[OSM-talk] Exceeded API bandwidth limit, now what?

Ævar Arnfjörð Bjarmason avarab at gmail.com
Tue Sep 14 20:17:30 BST 2010


On Tue, Sep 14, 2010 at 19:02, Michal Migurski <mike at stamen.com> wrote:
> On Sep 14, 2010, at 12:06 AM, Frederik Ramm wrote:
>
>> Hi,
>>
>> Michal Migurski wrote:
>>> I'm downloading London, in small sections. I just exceeded my API bandwidth limit.
>>
>> Get
>>
>> http://download.geofabrik.de/osm/europe/great_britain/england.osm.bz2
>>
>> then do
>>
>> bzcat england.osm.bz2 | time osmosis --rx - --bb left=-.6 bottom=51.3 right=.4 top=51.7 --wx london.osm
>>
>> (or whatever "London" is for you).
>
> Thanks guys. I understand about the extracts, I've used them extensively for years.
>
> I'm experimenting with a way to get at smaller areas of OSM data (generally city-sized) for a possible update to http://tiledrawer.com, and I'm hoping to understand how to both work within the API limitations and be able to piecemeal together a town-sized area without requiring end-users to deal with bzip files or osm2pgsql on their own.
>
> The code I'm developing is here:
>        http://github.com/migurski/TileStache/blob/osm-mirror/TileStache/Goodies/Providers/MirrorOSM.py
>
> It's a provider class for Tilestache that mirrors OSM on a tile-by-tile basis.
>
> Is there any interest here in publishing the OSM API via tile-like URLs? For example, being able to make a request like this to pull a chunk of bounded XML cached out of the OSM API:
>        http://tile.openstreetmap.org/14/2627/6331.xml  <---- note "xml" on the end
>
> The advantages with this should be plainly obvious: a source of data that's trivially cacheable, on the order of hours-to-days old, and available for specific areas of the world, without the massive download and parse overhead of OSM extracts.

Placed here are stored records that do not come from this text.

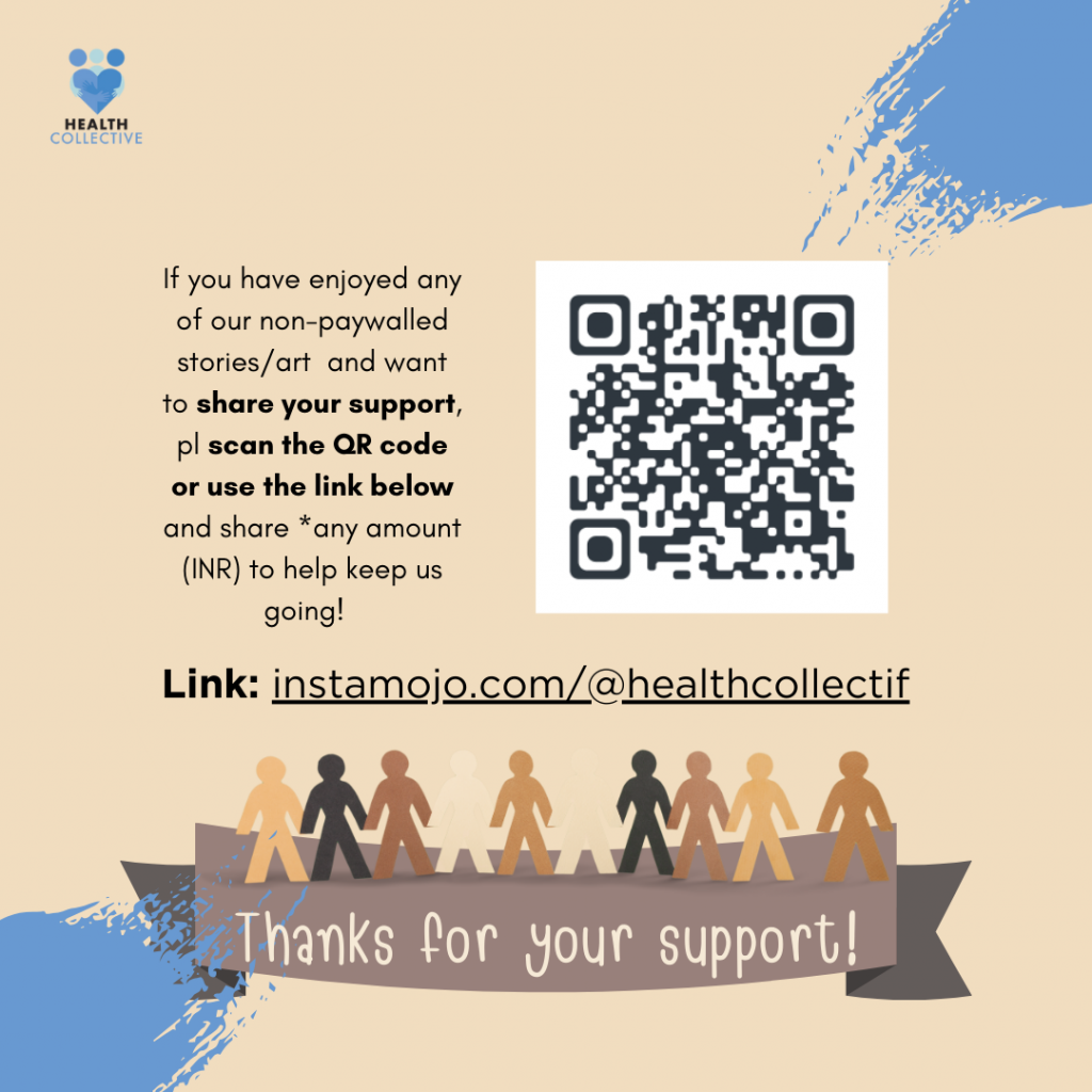 The Health Collective is not in the business of nor intends to provide counselling service. The professionals, the website of the professionals and helpline numbers listed on the The Health Collective are not employed, associated or endorsed by The Health Collective. The professionals and the organisations behind the listed websites and helpline numbers, on The Health Collective website, are independent third parties and there is no relationship of principal-agent, employer-employee, partnership of any nature with The Health Collective. The Health Collective does not make any recommendation or guarantee service or quality of any professional or helpline number or website listed herein. The Health Collective does not make any representations, warranties or guarantees as to, and is in no manner responsible for, the services provided by the professionals or their websites or the helpline services. The stories and comics set out by The Health Collective are intended purely for reference purposes. Advice or stories set out herein are by no means intended to malign or defame any person, organisation, caste or community. Advice or stories set out herein are views of the concerned author only, The Health Collective does not claim copyright or endorse or recommend or represent on veracity of the advice contained in the articles or stories (including the comics) on this website. Additionally, the articles and stories set out herein should not in any manner be considered as substitute for professional help. All experiences are personal, hence advice and suggestions contained in the articles and stories may not apply to a reader’s specific facts or situations, and it is recommended that professional help is sought for such matters. The Health Collective disclaims all liability of all nature arising out of reliance placed on the advice set out in the articles and stories or arising out of meetings with professionals or calls with the professionals or helpline numbers mentioned on the website of The Health Collective.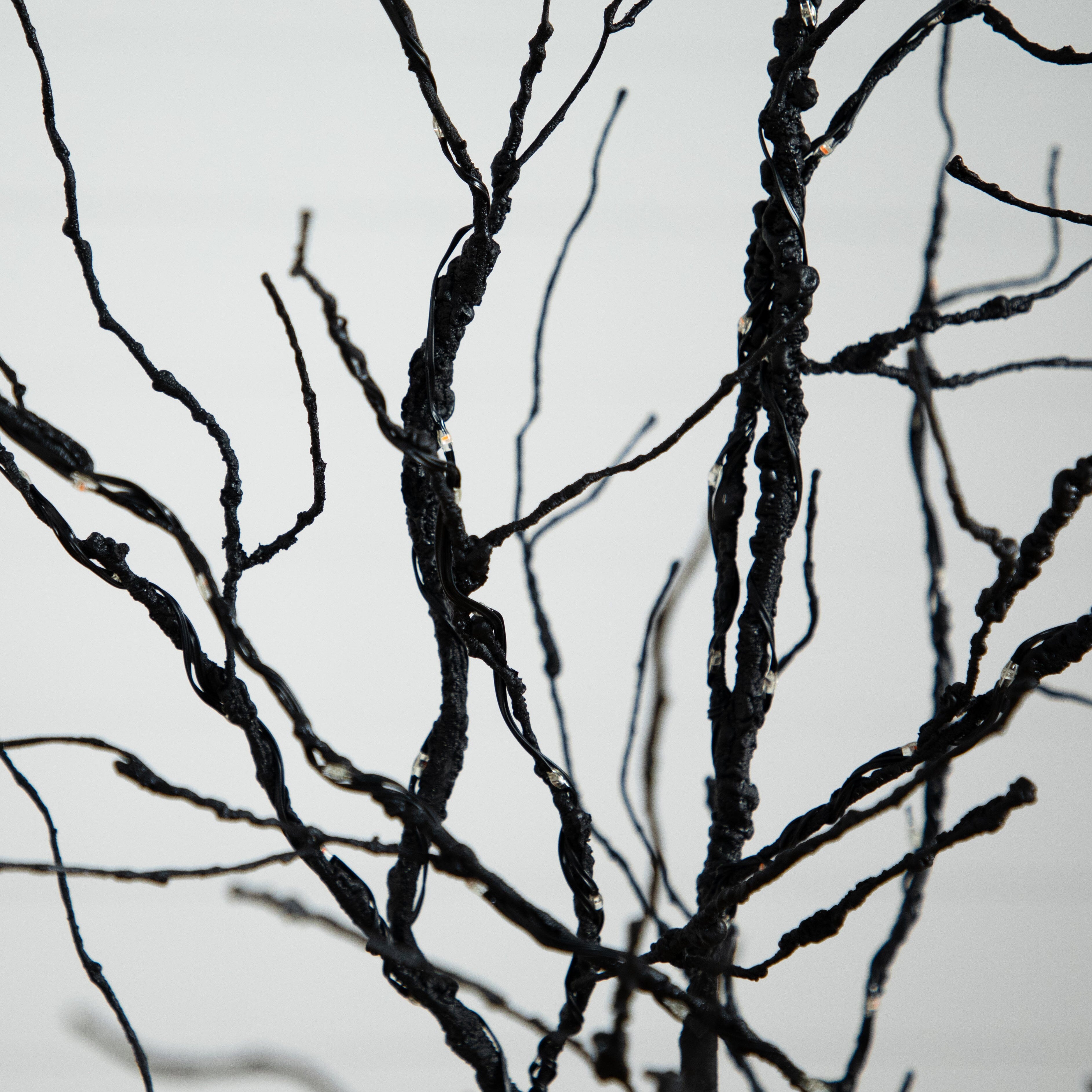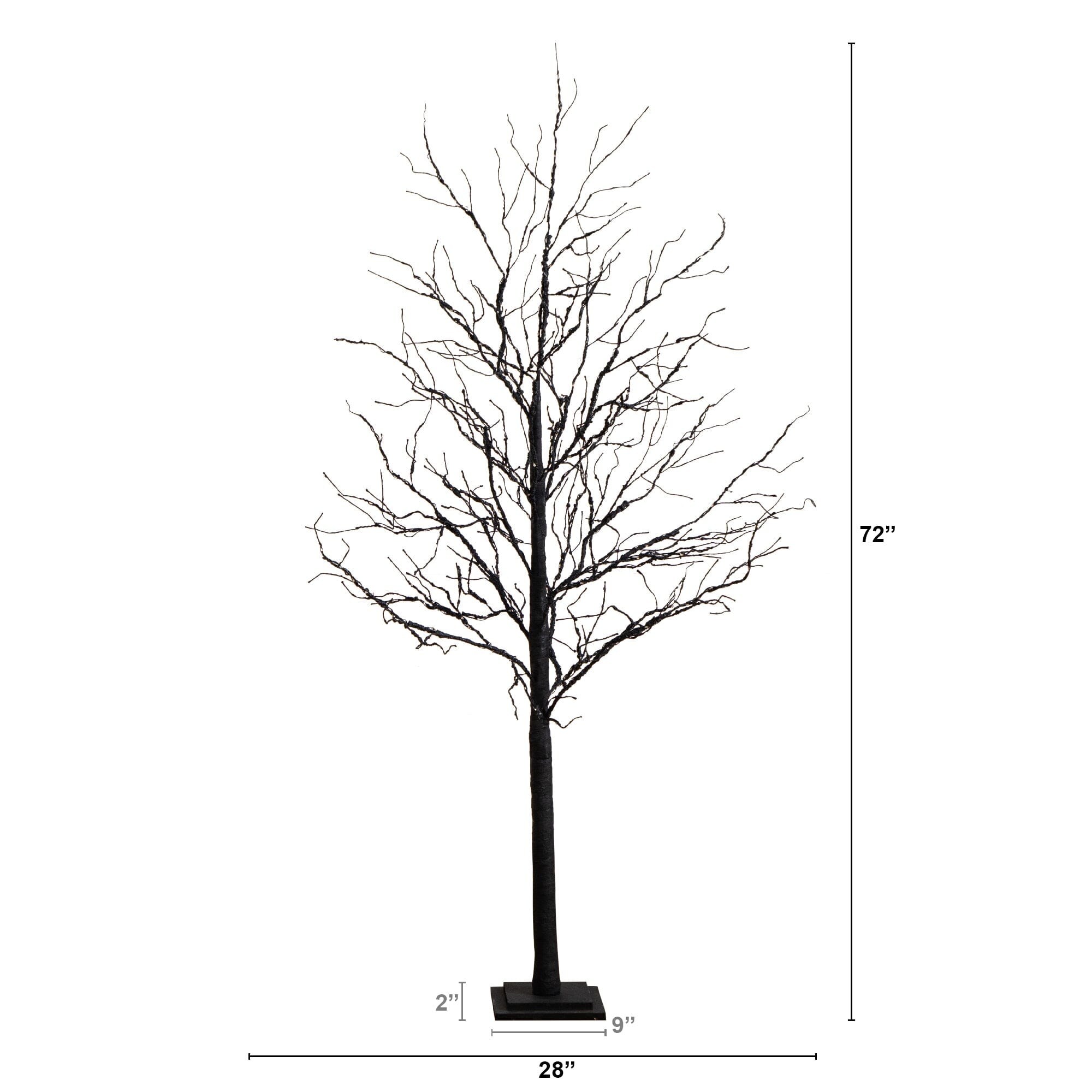 Welcome the scary season with this Halloween-inspired twig tree that'll delight any goblin. Inspired by nature. feel like you're walking along Salem's picturesque autumn season on a crisp day. Crafted from high-quality materials. feel free to shape the branches for a custom look. 156 pre-strung multicolored LED lights create a cozy show and you can alternate between purple and orange lights by pressing a button on the plug-in base. This creates a spooky feel perfect for your dream haunted house. The LED lights create a centerpiece that sets the mood for a hauntingly delightful atmosphere and the shaping is your hocus pocus time to shine. The energy-efficient lights save you both time and money on the electric bill. Standing 6' from a sturdy black base. it adds an eerie and enchanting touch to any space.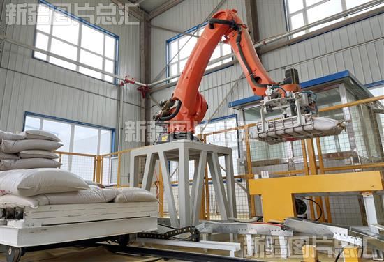 2023年5月29日,机械在在位于库车经济技术开发区的新疆诚润金兰生物科技有限公司车间搬运脱粉棉蛋白。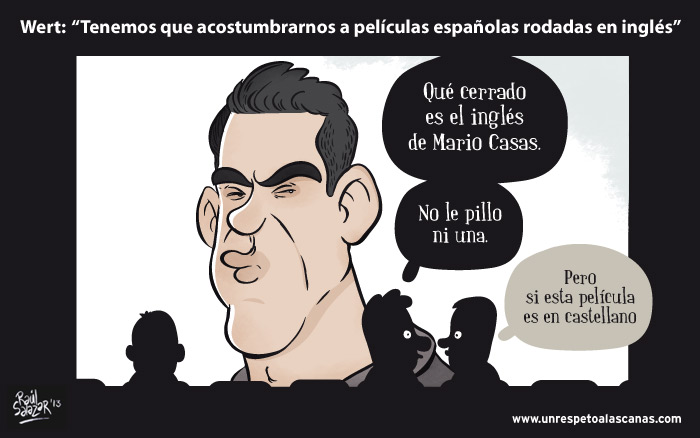 ¿Qué opinarán los actores españoles de todo esto? ¿Es acaso una nueva provocación de Wert hacia el gremio de actores despúes de la última gala de los Goya? ¿Acaso está abriendo las puertas del cine español a actores extranjeros? ¿Más Naomis Watts y menos Candelas Peña? Porque sinceramente, y con todo el respeto, me cuesta imaginarme a Mario Casas o Jorge Sanz interpretando en inglés, cuando ni siquiera se les entiende hablando en castellano.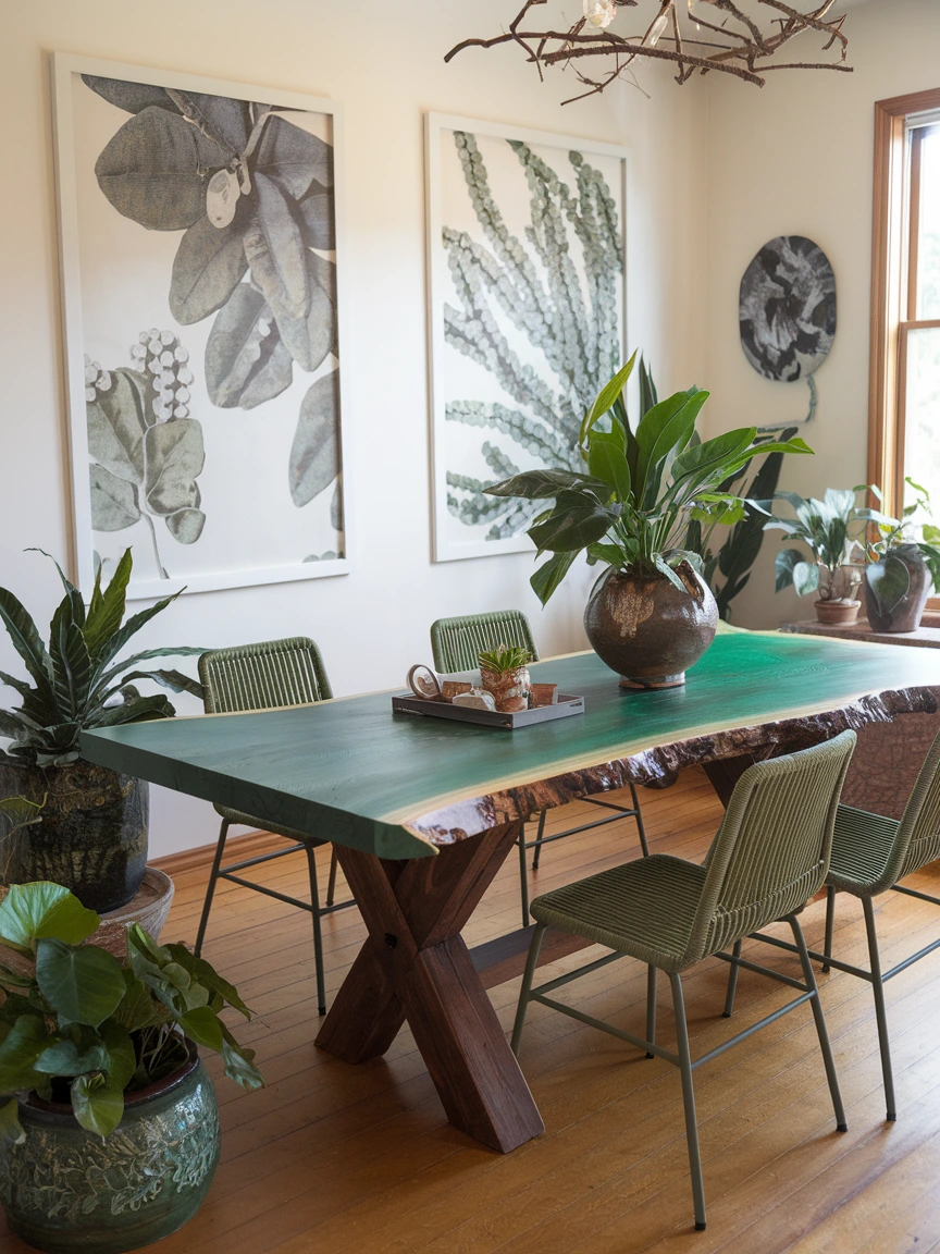 Nature-inspired decor brings tranquility to your dining space. A live-edge wood dining table paired with green velvet dining chairs sets the tone. Add potted plants and botanical-themed wall art to tie the room to the outdoors. Natural fiber rugs enhance the organic feel, creating a refreshing and calming atmosphere.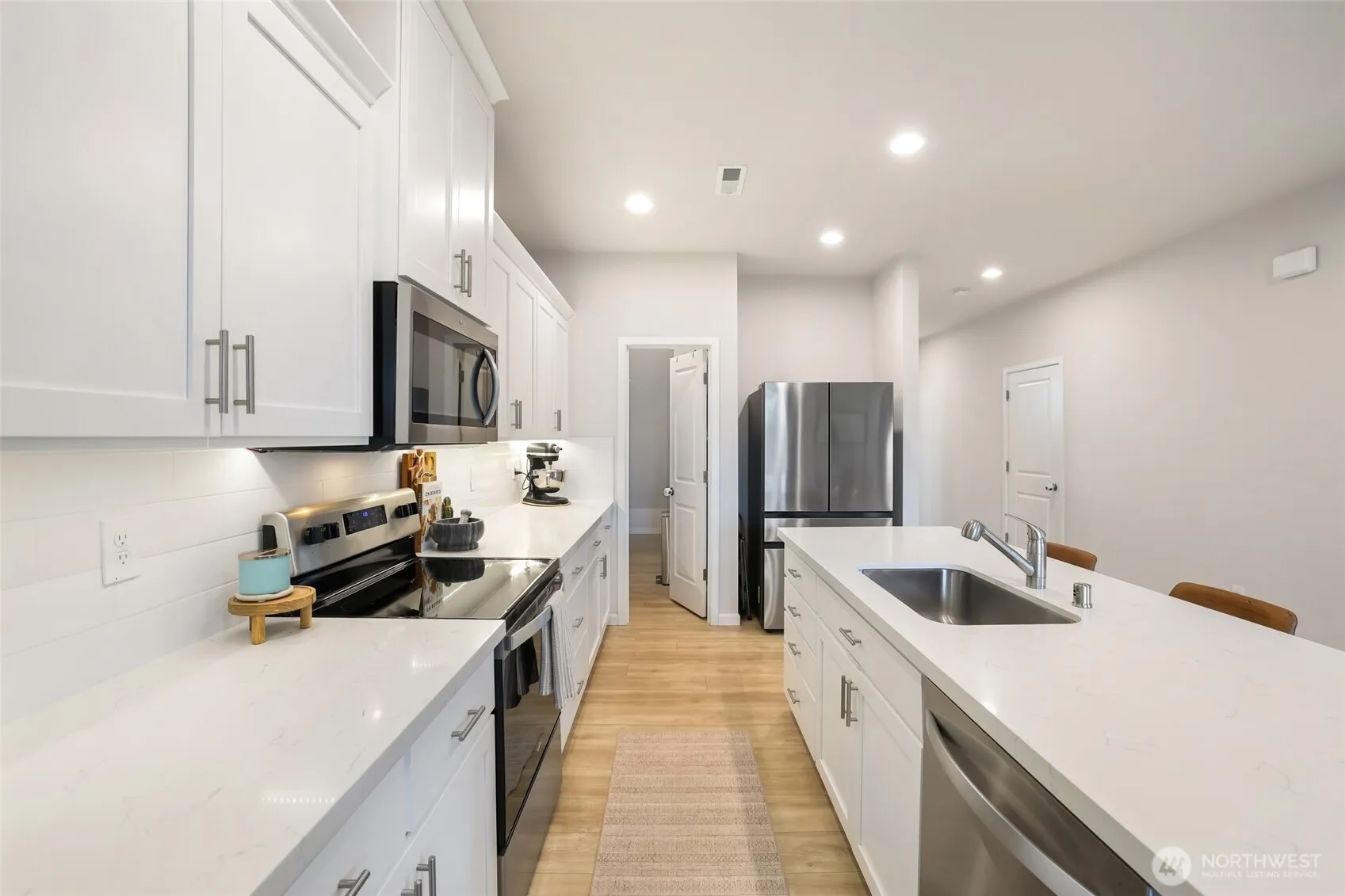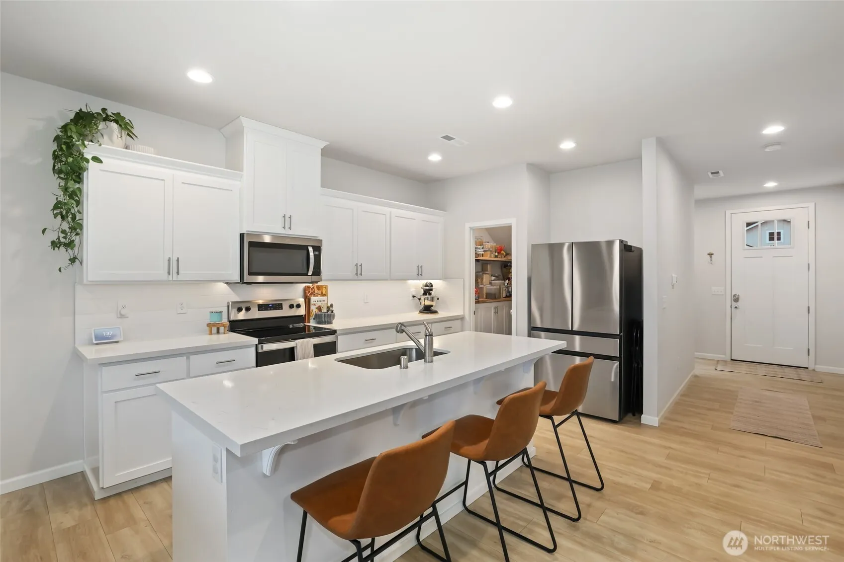 Welcome to this better-than-new Sager Homes resale featuring the popular Camano plan! This 1-owner home has been meticulously maintained and thoughtfully upgraded, offering 2,107 sq ft, 4 bedrooms + loft, and 2.5 baths. The open-concept main level is perfect for everyday living and entertaining, with a spacious kitchen, dining, and living area plus a dream walk-in pantry. You’ll love the charm and custom touches throughout, including built-ins around the fireplace, stylish accent walls, and designer wallpaper. All appliances are included, along with a 1-year home warranty for peace of mind. Upstairs features a large primary suite, three additional bedrooms, a versatile loft, and a laundry room with built-in cabinetry. Step outside to your oversized, fully fenced backyard backing to peaceful green space—complete with a covered patio ideal for year-round enjoyment. Overhead storage spans the spacious 3-car garage. Low HOA dues include access to a community park with a play area and dog park. Prime location with easy access to JBLM, shopping, and dining. Plus, take advantage of a VA assumable loan at an incredible 4.625%—well below current market rates! Welcome home!

Have you looked into the TRAPI? It does that on a z12-basis, it could
probably be extended for bigger/smaller requests.

Anyway, the use case for this sort of thing is much smaller than you'd
think, because:

 * Splitting the tiles makes a lot of things like routing / clicking
   on a complete way hard.

 * Applications that used this would need to suck down a lot of XML to
   get the small subset of the data that they want, having a database
   that serves up custom data is much more efficient.

But on the upside it's simple and scalable with proxies.